What is it about flamenco that so intoxicates us in northern Europe? To be sure it evokes a popular image of exotic, fiery Spain. Yet the music and dance of regions such as Galicia and Asturias are very Celtic, not unlike Irish or Scottish forms, with reedy bagpipes and light, skipping steps. But flamenco – that is something different. Flamenco is from Andalusia, on the southernmost edge of Europe, a province that still bears the scars of its chequered, often violent history. Phoenicians, Greeks, Romans, Visigoths, Moors, Jews, Gypsies, and yes, northern Europeans have all passed through, settled or conquered the area; and all have left their imprint.
Flamenco is most closely linked with the gypsies. The gypsies originally came from northwest India, and indeed traces of the Indian tala (rhythmic cycle) and kathak dance are still found in flamenco. They spread through the Near East and across Europe, arriving in Spain in the fifteenth century. Following the reconquista of 1492 – the reclaiming of southern Spain by Christendom from Moorish rule – the Spanish gypsies, along with the Moors and the Jews, suffered a brutal and protracted regime of subjugation, ostracism, and forced assimilation. For the gypsies, this sanctioned oppression endured until Carlos III’s historic edict of 1782 put an end to their official persecution.
a brutal and protracted regime of subjugation, ostracism, and forced assimilation
It was at this time that the word ‘flamenco’ began to be used in relation to gypsies. According to flamenco historian Marion Papenbrok, the word originally meant ‘Flemish’, dating from the reign of the Holy Roman Emperor Charles V in the sixteenth century, and grew to mean ostentatious or dashing by association with his flamboyant Flemish courtiers. After 1782, ‘flamenco’ came to be used as a substitute for gitano (gypsy), which still retained connotations of social stigma.

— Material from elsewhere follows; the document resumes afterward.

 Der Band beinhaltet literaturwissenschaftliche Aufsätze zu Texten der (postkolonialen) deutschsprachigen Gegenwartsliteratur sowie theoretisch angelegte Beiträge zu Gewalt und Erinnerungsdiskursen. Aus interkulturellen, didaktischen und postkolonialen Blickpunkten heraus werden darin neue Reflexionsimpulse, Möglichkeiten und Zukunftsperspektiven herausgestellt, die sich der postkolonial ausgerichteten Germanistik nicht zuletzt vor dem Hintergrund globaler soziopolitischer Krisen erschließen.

Nevertheless, it was not until the mid-nineteenth century that flamenco began to spread beyond the confines of the gypsy community, through the growth of the cafés cantantes, where flamenco was offered as entertainment. Moving out from the gypsy ghettoes, flamenco now began to incorporate and adopt elements from Andalusian folk music – music already marked by the diverse traces of its hybrid history. It was also with the cafés cantantes that flamenco began to give more prominence to toque (guitar) and baile (dance), whereas previously the central focus had been cante (song).
Reflecting this history of persecution and liberalisation, Ricardo Molina has divided flamenco song (from which the instrumental and dance forms derive) into two basic groups. The first, cante gitano, stems from the hermetically isolated gypsy traditions of the fifteenth to the nineteenth century, and includes tonás, siguiriyas and soleares – the jondo (deep) forms of flamenco. The second, cante andaluz, arises from the adaptation of Andalusian folk music in the nineteenth century; it tends to be lighter in vein (chico), and includes alegrías and fandangos.

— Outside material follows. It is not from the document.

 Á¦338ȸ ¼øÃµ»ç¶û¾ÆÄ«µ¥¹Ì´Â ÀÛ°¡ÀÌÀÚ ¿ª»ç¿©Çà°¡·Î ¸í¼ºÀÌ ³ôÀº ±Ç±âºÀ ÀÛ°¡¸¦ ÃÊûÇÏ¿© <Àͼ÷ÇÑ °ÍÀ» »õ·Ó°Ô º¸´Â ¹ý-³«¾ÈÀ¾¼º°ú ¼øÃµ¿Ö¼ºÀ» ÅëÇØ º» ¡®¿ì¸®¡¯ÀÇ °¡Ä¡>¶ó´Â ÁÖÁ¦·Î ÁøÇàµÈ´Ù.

the elemental themes of an existence pitted against the vicissitudes of fate
Certainly the character of flamenco was formed against this historical backdrop. Of the flamenco performer, Fernando Quiñones has said, ‘Mysteriously he gathers within himself all the pain and joy of centuries.’ Songs often take the elemental themes of an existence pitted against the vicissitudes of fate – love and death, labour, longing, and loss – and refract these subjects through personal feeling. For flamenco is perhaps above all an art which dramatises inner conflict.
A tocaor (guitarist), for example, will alternate between contrasted segments of melodic line (punteado) and strummed or rhythmically struck chords (rasgueado). A melody is interrupted by rapping the sound board, a rhythm shifts its stresses unpredictably, reverberating strings are abruptly dampened. A bailaora spirals sinuously arcing arms above her head, fingers caressing the air, a foil to her earthbound steps spiking forcefully downwards. A percussive series of rapid staccato footbeats ends with a suddenly frozen pose, her arched back and twisted shoulders, half turned towards the audience and half away, a tensed gesture of defiance. The voice of a cantaor grows harsh, rasping against the melody like an abrasion. A word is distorted with fervent emotion, or drawn out in a melismatic improvisation that insinuates itself between and through the lyrics.
it is not just passion that suffuses flamenco, but also the contrary and equally powerful force of restraint
If flamenco cuts deep, it is because it is a double-edged blade. With its restless extremes of violent outpouring and muted resignation, its tremulous oscillation between wayward improvisation and strict precision, it is not just passion that suffuses flamenco, but also the contrary and equally powerful force of restraint. Within its fluctuating moods, outbursts of temper are themselves tempered by discipline, constrained by the rigours of rhyme, rhythm and posture. Close to its very bones lies a struggle between form and feeling, a drama that echoes the personal experiences of displacement and subjection:
I am no longer who I was
Nor will I be again
I am a tree of sadness
In the shadow of a wall
In Europe but somehow not of it, flamenco flowered in the darkness of Europe’s shadow. It is its doubled, dissident, conflictual nature that imparts such astonishing intensity, that so intoxicates, unsettles and transports us.